=== WHAT THIS TASK INVOLVES ===
Whenever a line contains "Kancamagus", include it in the count; reply with the number of such lines in the data and nothing else.

=== Extracted data entries ===
'''

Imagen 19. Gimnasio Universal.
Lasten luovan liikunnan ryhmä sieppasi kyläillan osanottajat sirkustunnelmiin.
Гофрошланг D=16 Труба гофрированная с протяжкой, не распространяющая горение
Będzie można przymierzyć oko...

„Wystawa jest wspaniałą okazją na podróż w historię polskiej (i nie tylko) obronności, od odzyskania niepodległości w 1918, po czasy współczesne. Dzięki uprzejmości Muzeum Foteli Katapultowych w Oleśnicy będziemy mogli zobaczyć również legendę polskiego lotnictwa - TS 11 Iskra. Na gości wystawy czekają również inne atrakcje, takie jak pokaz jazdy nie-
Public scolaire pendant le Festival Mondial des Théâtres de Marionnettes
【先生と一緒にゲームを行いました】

'''
'''

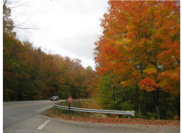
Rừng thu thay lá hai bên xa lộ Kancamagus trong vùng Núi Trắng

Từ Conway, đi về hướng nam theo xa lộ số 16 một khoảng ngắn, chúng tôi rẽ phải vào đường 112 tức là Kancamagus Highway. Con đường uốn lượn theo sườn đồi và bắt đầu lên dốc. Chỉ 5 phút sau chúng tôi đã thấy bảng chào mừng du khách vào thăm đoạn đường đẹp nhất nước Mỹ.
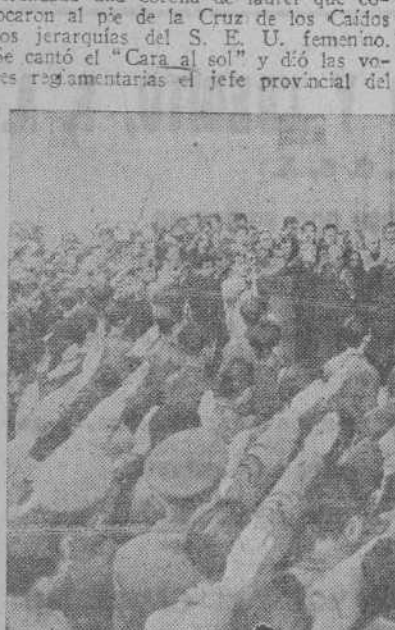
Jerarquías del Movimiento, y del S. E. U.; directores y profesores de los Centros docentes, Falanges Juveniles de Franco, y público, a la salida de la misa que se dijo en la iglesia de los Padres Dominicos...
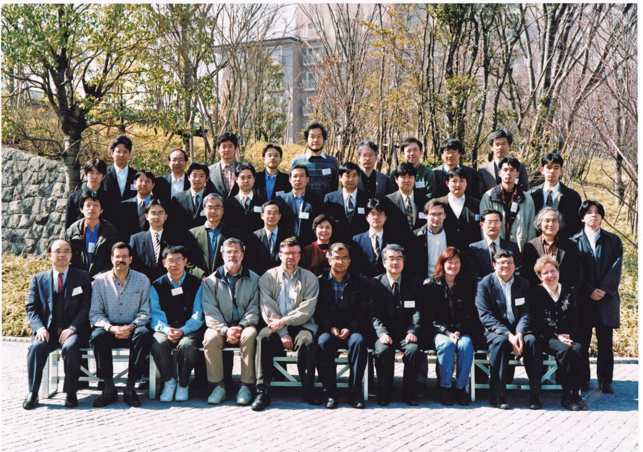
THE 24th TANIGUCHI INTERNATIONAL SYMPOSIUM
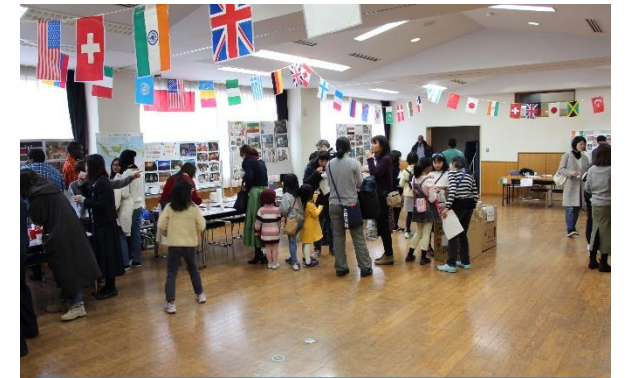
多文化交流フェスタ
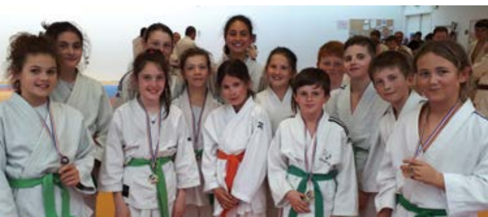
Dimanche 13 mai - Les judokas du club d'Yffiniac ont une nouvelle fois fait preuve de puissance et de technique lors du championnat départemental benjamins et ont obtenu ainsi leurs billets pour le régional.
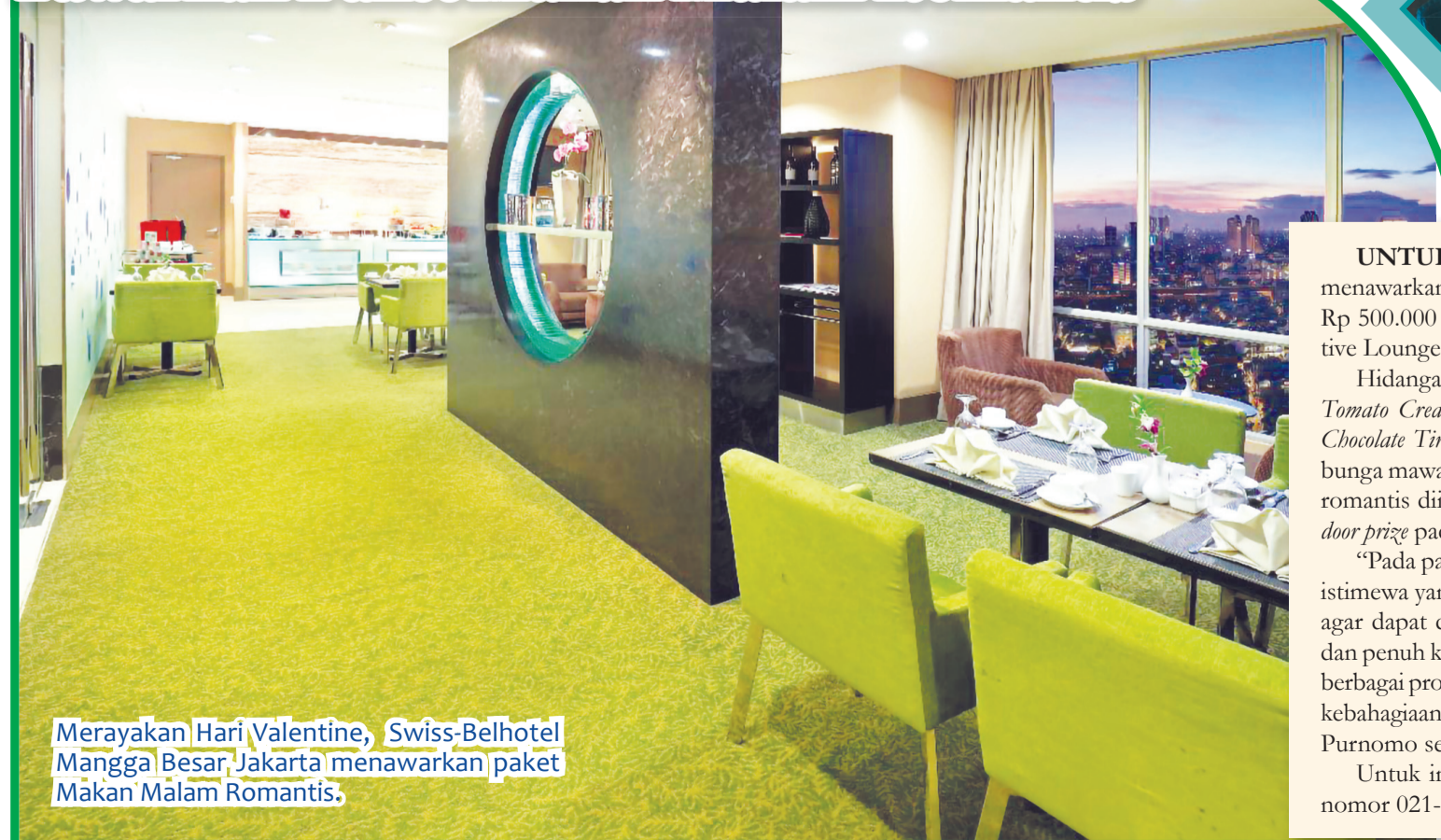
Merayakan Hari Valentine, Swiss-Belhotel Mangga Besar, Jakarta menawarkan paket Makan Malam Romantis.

'''

=== TASK RESPONSE ===
2